Source records:

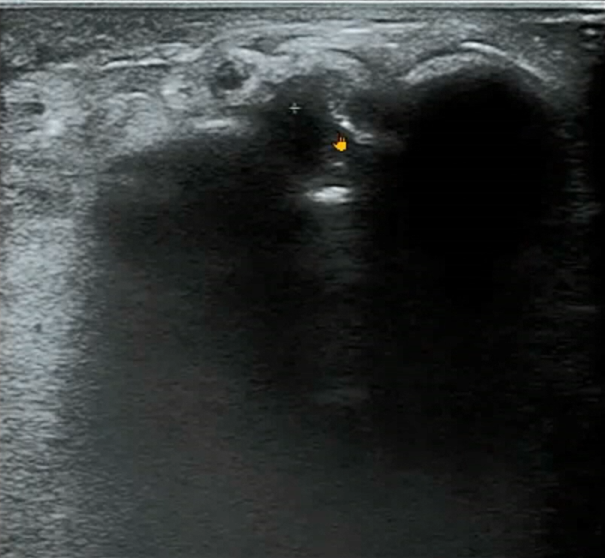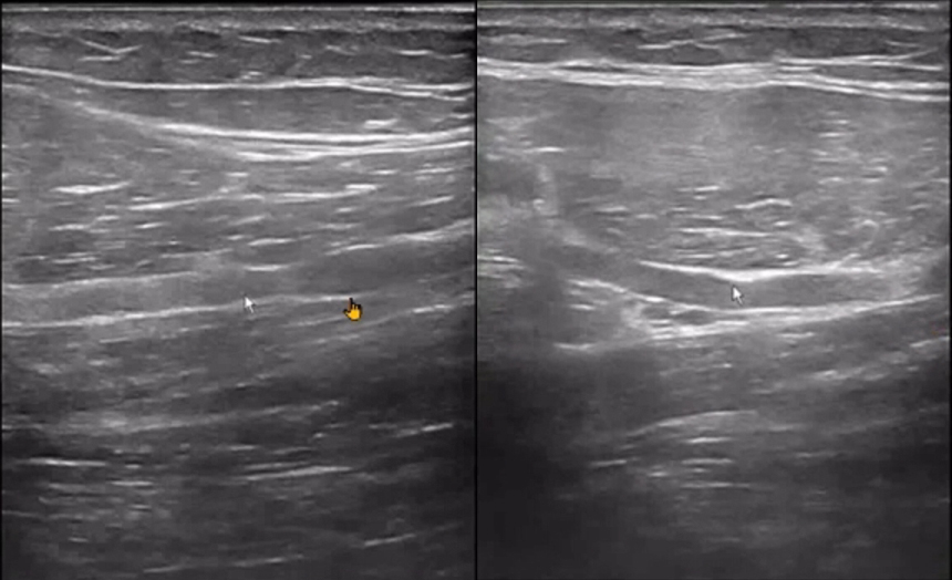 The handheld ultrasound machine showed significant swelling and thickening of the deep branch of the radial nerve, with disrupted and non-continuous nerve structures.
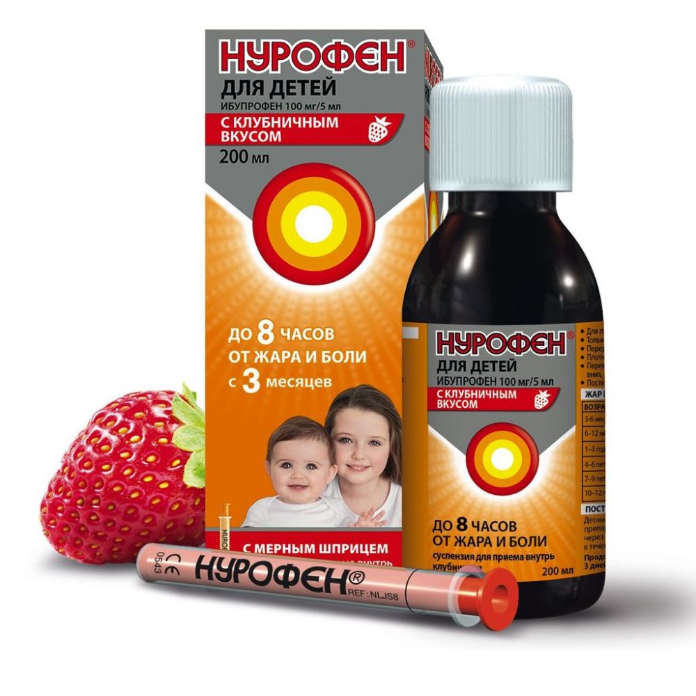 Нурофен для детей суспензия для приема внутрь клубничная 100мг/5мл флакон 200мл
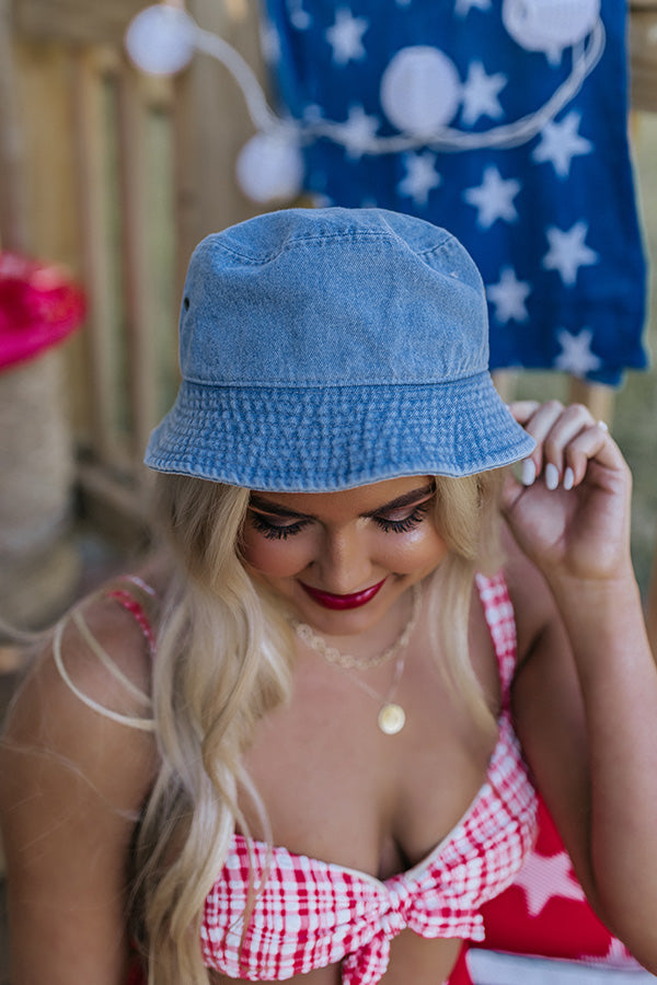 Escape into summer with this adorable hat featuring lightweight light wash denim material and a stylish bucket silhouette!
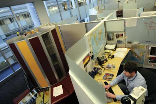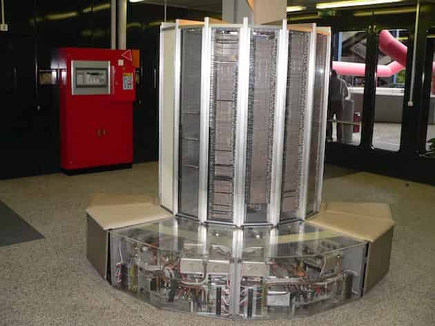 Un ingeniero de software trabajando en su cubículo al lado de la Supercomputadora Cray 1, un dinosaurio de los primeros tiempos de la informática.
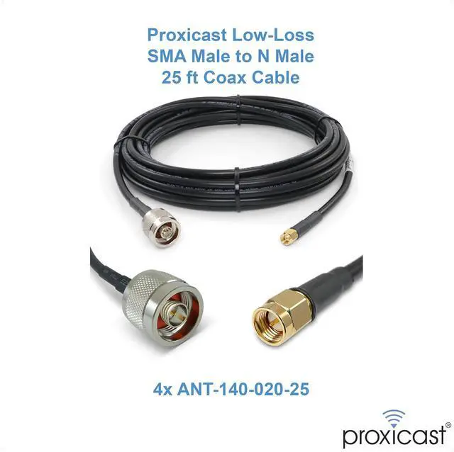 2x Proxicast dual polarized directional 4G LTE / 5G MIMO antennas (ANT-129-001) which are ideal for signal enhancement in virtually any cellular application. They are compatible with 4G/5G data services from Verizon, AT&T, T-Mobile, Bell Mobility, Rogers, Telus and most other cellular operators worldwide. Cross-polarized elements enable multiple input / multiple output (MIMO) connectivity resulting in higher performance.4x Proxicast 25 ft Low-Loss SMA Male to N Male Coax Extension Cables (ANT-140-020-25) which connect the antenna to MIMO capable cellular modems and routers from Cisco, Cradlepoint, Digi, Pepwave and others that have external SMA antenna jacks.4x Proxicast 8 in U.FL to SMA Pigtail Adapters (ANT-105-SMA) which allow connections to the internal antenna jacks on routers and Internet Home Gateways that do not have SMA jacks.1x Proxicast 36 in J-Max-XL Stainless Steel Adjustable Mounting Bracket (ANT-800-JP3-XL) for rust-proof mounting of the panel antennas in a wide variety of locations.A FREE roll of Proxicast's Pro-Grade Extra Strong 30mil Weatherproof Self-Fusing Silicone Rubber Sealing Tape (ANT-900-002) to weatherseal the outdoor coax connections.
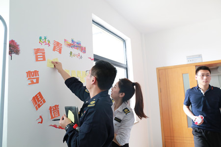 活動(dòng)開場(chǎng),首先由公司團(tuán)支部委員吳夏曦為大家講述了奮戰(zhàn)在一線的青年團(tuán)員的先進(jìn)事跡。隨后,王玲艷、洪霞霞、紀(jì)欽鑫三位青年團(tuán)員分別為大家上了一堂微型黨課。在聆聽了從公交人的祖輩為了解放新中國(guó)負(fù)重拼搏,不惜犧牲自己的英勇事跡,到幾代公交人為了公交事業(yè)的發(fā)展兢兢業(yè)業(yè)、追夢(mèng)奔跑的逐夢(mèng)歷程,再到現(xiàn)如今我們公交隊(duì)伍中的一樁樁感人事跡后,在場(chǎng)的人員深深感受到了當(dāng)代公交人奮發(fā)向上、積極進(jìn)取的昂揚(yáng)斗志。最后,與會(huì)人員紛紛拿起手中的筆,在紙上把自己的感悟與體會(huì)、制定的小目標(biāo)寫了下來,并親自貼上了我們的“青春夢(mèng)想墻”上。“發(fā)揚(yáng)‘五四’精神,初心聚力,匠心前行,不辜負(fù)我們這個(gè)偉大時(shí)代?!薄芭Ω冻觯趭^耕耘,熱情投入,執(zhí)著無悔,用心凝結(jié),締造精彩?!薄@不僅僅是個(gè)人的夢(mèng)想,更是全體公交人用心描繪的一幅五彩斑斕的公交夢(mèng)。
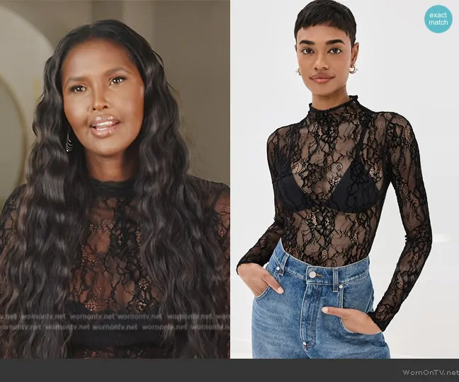 Ubah Hassan on The Real Housewives of New York City on Bravo was spotted wearing this black lace top on The Real Housewives of New York City on episode 'Coming Clean' (15x09) in Nov 2024. Ubah's Top is the Lace Long-Sleeve Bodysuit by Good American.
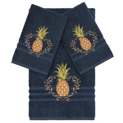 Linum Home Textiles 100% Turkish Cotton KHLOE Embellished Towel Set - Midnight Blue - 1 Pc Bath 2 Pcs Hand Towel

* [Task goal]: Reproduce, word for word, every line from the one that contains "Ubah Hassan on" to the end of the data, including both ends; omit all pictures.

* [Output]:
 Ubah Hassan on The Real Housewives of New York City on Bravo was spotted wearing this black lace top on The Real Housewives of New York City on episode 'Coming Clean' (15x09) in Nov 2024. Ubah's Top is the Lace Long-Sleeve Bodysuit by Good American.
 Linum Home Textiles 100% Turkish Cotton KHLOE Embellished Towel Set - Midnight Blue - 1 Pc Bath 2 Pcs Hand Towel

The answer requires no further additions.